Separate shortcut targets from the trie file.

Bug: 10920165
Change-Id: I340759eadbde7fb64cb3b9a3c619ee3a768cedf8
diff --git a/java/src/com/android/inputmethod/latin/makedict/BinaryDictDecoderUtils.java b/java/src/com/android/inputmethod/latin/makedict/BinaryDictDecoderUtils.java
index 2c3d134..216492b 100644
--- a/java/src/com/android/inputmethod/latin/makedict/BinaryDictDecoderUtils.java
+++ b/java/src/com/android/inputmethod/latin/makedict/BinaryDictDecoderUtils.java
@@ -23,11 +23,11 @@
 import com.android.inputmethod.latin.makedict.FusionDictionary.PtNodeArray;
 import com.android.inputmethod.latin.makedict.FusionDictionary.WeightedString;
 
-import java.io.ByteArrayOutputStream;
 import java.io.File;
 import java.io.FileInputStream;
 import java.io.FileNotFoundException;
 import java.io.IOException;
+import java.io.OutputStream;
 import java.nio.ByteBuffer;
 import java.nio.channels.FileChannel;
 import java.util.ArrayList;
@@ -219,14 +219,14 @@
         }
 
         /**
-         * Writes a string with our character format to a ByteArrayOutputStream.

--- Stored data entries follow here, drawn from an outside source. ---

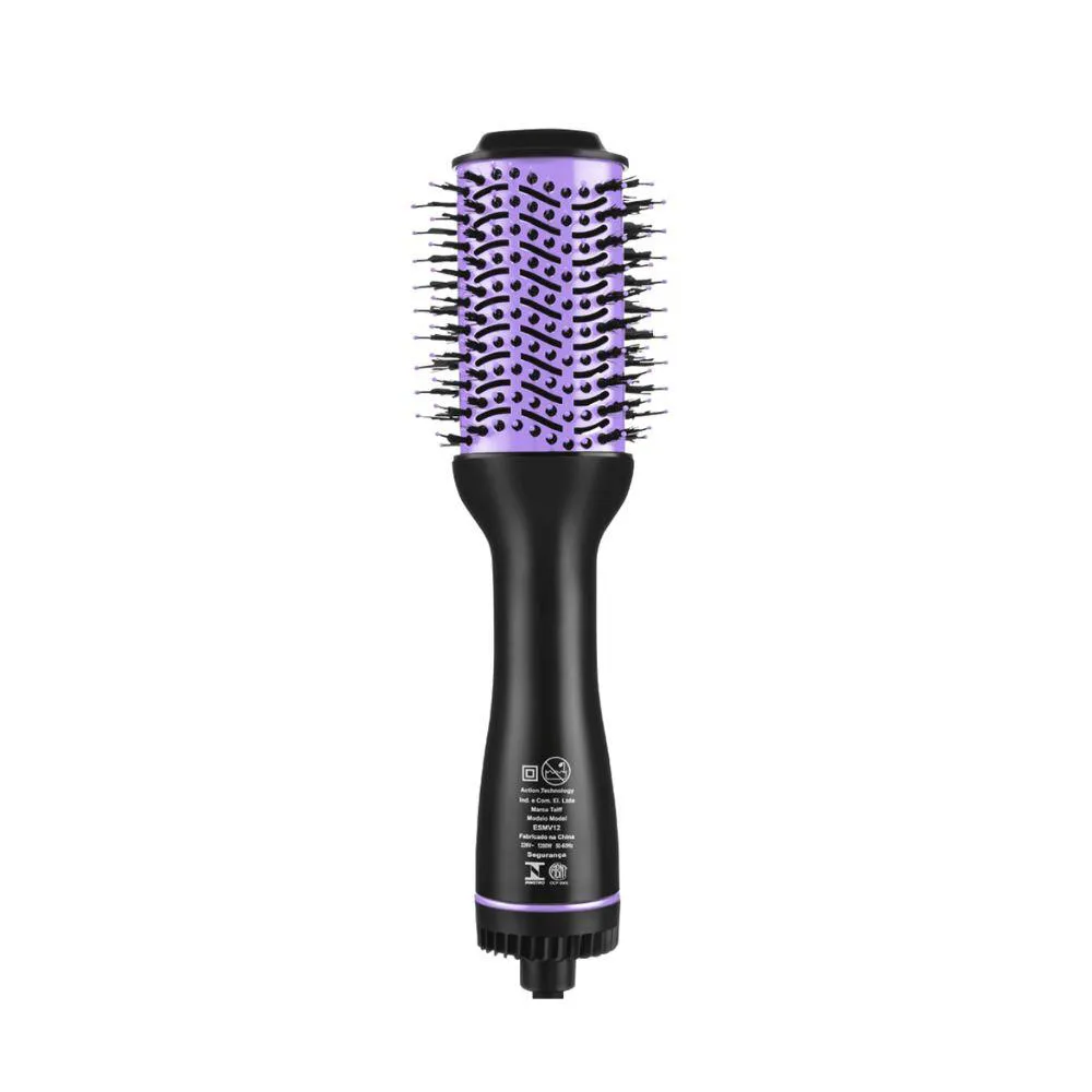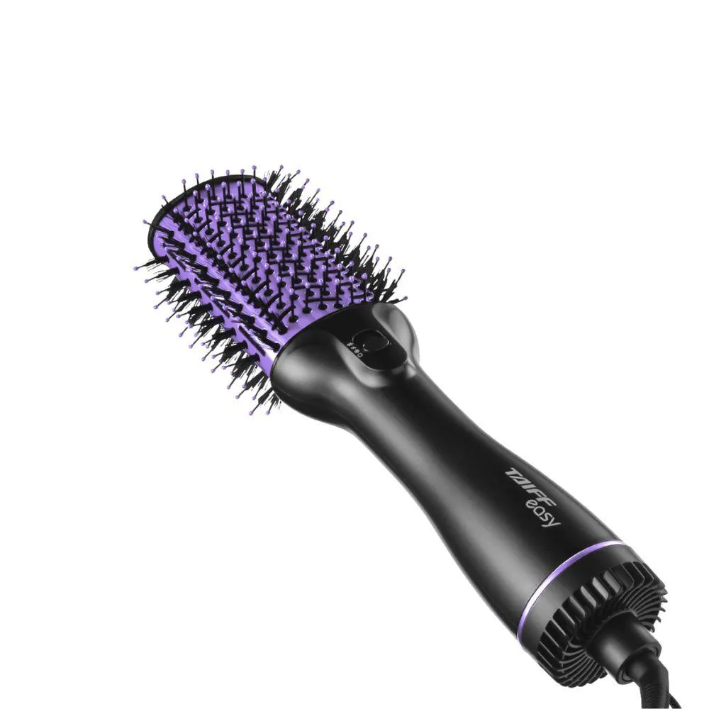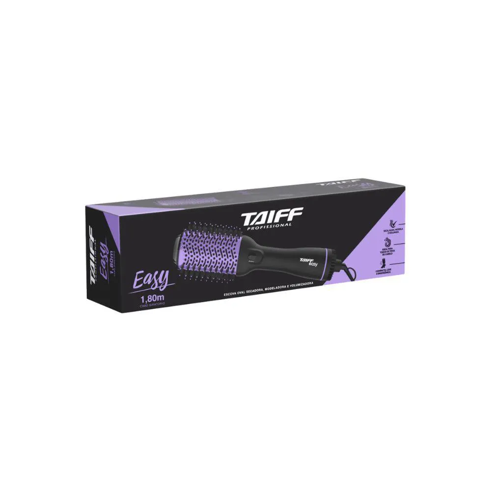 Deixe seus cabelos impecaveis com a escova Secadora Taiff Easy! Com ela, voce seca, alisa, modela e da volume aos fios com rapidez e praticidade. O modelo possui potencia de 1200W e 2 temperaturas, alem de ar frio, perfeito para finalizar seus penteados. Essa tecnologia ajuda a diminuir o frizz, selar as cuticulas e evitar o ressecamento dos cabelos, alem de proporcionar melhores resultados. A Escova Secadora Taiff possui cerdas de nylon de dupla altura, que confere uma melhor tracao, oferecendo um deslize mais suave e protegendo os fios, alem de deixa-los polidos e com um brilho radiante. Ja o revestimento metalico torna o processo de secagem mais rapido, proporcionando modelagens mais duradouras. Com regulagem de temperatura entre duas variacoes, tambem possui botao Jato de Ar Frio que diminui o frizz e a eletricidade estatica, eliminando o aspecto de cabelo arrepiado, selando as cuticulas do fio, preservando a umidade natural de sua estrutura, e evitando o ressecamento. Essa tecnologia tambem e ideal para fixar a modelagem do cabelo no momento da finalizacao, garantindo que ele permaneca lindo por muito mais tempo! Especificacoes Tecnicas Modelo: Easy Lilas Potencia: 1200W Comprimento do Fio: 1,80 m Voltagem: 110V 220V (nao e bivolt) Cor: Preto e Lilas Tipo: Escova Temperatura: 02 Outros Recursos: Seca, alisa e modela Com desempenho superior, a secagem e rapida e sua acao anti-frizz deixa os fios perfeitamente alinhados Recomendavel utilizar em cabelos umidos: Sim Garantia: 06 meses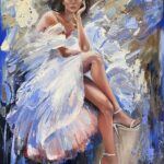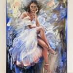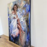 -Obraz malowany farbami olejnymi na płótnie bawełnianym o wymiarze 70x50cm, z niewielkimi dodatkami płatków srebra, rok wykonania 2024.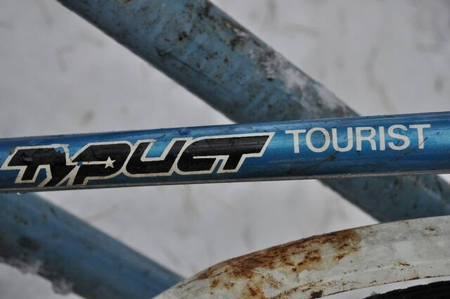 Доделал нового коня. ХВЗ-Турист 1987 года рождения, найден на даче у знакомого, мостик крепления заднего томоза вместе с клещами оторван от рамы(переделан по типу Старт-Шоссе-вварена трубка). С сожалением пришлось ободрать родную краску(голубой перламутр)- много очагов коррозии. Колеса и спицы потускнели и тд.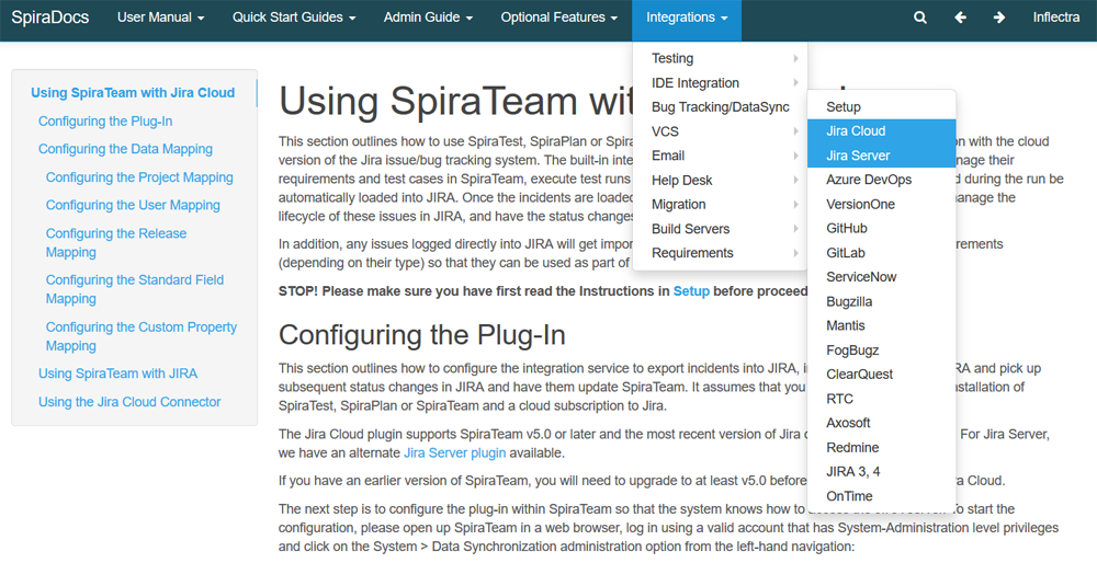 We have updated our Spira Documentation website (known as Spira Doc) to have separate pages for Jira Cloud and Jira Server: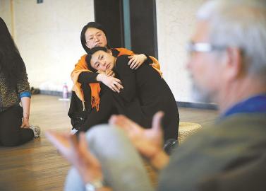 分享會(huì)上,兩名女學(xué)員依偎在一起,相互撫慰著對(duì)方。

+         * Writes a string with our character format to an OutputStream.
          *
          * This will also write the terminator byte.
          *
-         * @param buffer the ByteArrayOutputStream to write to.
+         * @param buffer the OutputStream to write to.
          * @param word the string to write.
          */
-        static void writeString(final ByteArrayOutputStream buffer, final String word) {
+        static void writeString(final OutputStream buffer, final String word) throws IOException {
             final int length = word.length();
             for (int i = 0; i < length; i = word.offsetByCodePoints(i, 1)) {
                 final int codePoint = word.codePointAt(i);
diff --git a/java/src/com/android/inputmethod/latin/makedict/BinaryDictEncoderUtils.java b/java/src/com/android/inputmethod/latin/makedict/BinaryDictEncoderUtils.java
index b602424..f761829 100644
--- a/java/src/com/android/inputmethod/latin/makedict/BinaryDictEncoderUtils.java
+++ b/java/src/com/android/inputmethod/latin/makedict/BinaryDictEncoderUtils.java
@@ -383,8 +383,8 @@
                 nodeSize += getByteSize(getOffsetToTargetNodeArrayDuringUpdate(ptNodeArray,
                         nodeSize + size, ptNode.mChildren));
             }
-            nodeSize += getShortcutListSize(ptNode.mShortcutTargets);
             if (formatOptions.mVersion < FormatSpec.FIRST_VERSION_WITH_TERMINAL_ID) {
+                nodeSize += getShortcutListSize(ptNode.mShortcutTargets);
                 if (null != ptNode.mBigrams) {
                     for (WeightedString bigram : ptNode.mBigrams) {
                         final int offset = getOffsetToTargetPtNodeDuringUpdate(ptNodeArray,
diff --git a/java/src/com/android/inputmethod/latin/makedict/FormatSpec.java b/java/src/com/android/inputmethod/latin/makedict/FormatSpec.java
index a5516bd..5a5d7af 100644
--- a/java/src/com/android/inputmethod/latin/makedict/FormatSpec.java
+++ b/java/src/com/android/inputmethod/latin/makedict/FormatSpec.java
@@ -266,15 +266,28 @@
     // tat = Terminal Address Table
     static final String TERMINAL_ADDRESS_TABLE_FILE_EXTENSION = ".tat";
     static final String BIGRAM_FILE_EXTENSION = ".bigram";
+    static final String SHORTCUT_FILE_EXTENSION = ".shortcut";
     static final String LOOKUP_TABLE_FILE_SUFFIX = "_lookup";
     static final String CONTENT_TABLE_FILE_SUFFIX = "_index";
     static final int FREQUENCY_AND_FLAGS_SIZE = 2;
     static final int TERMINAL_ADDRESS_TABLE_ADDRESS_SIZE = 3;
+
+    // With the English main dictionary as of October 2013, the size of bigram address table is
+    // is 584KB with the block size being 4.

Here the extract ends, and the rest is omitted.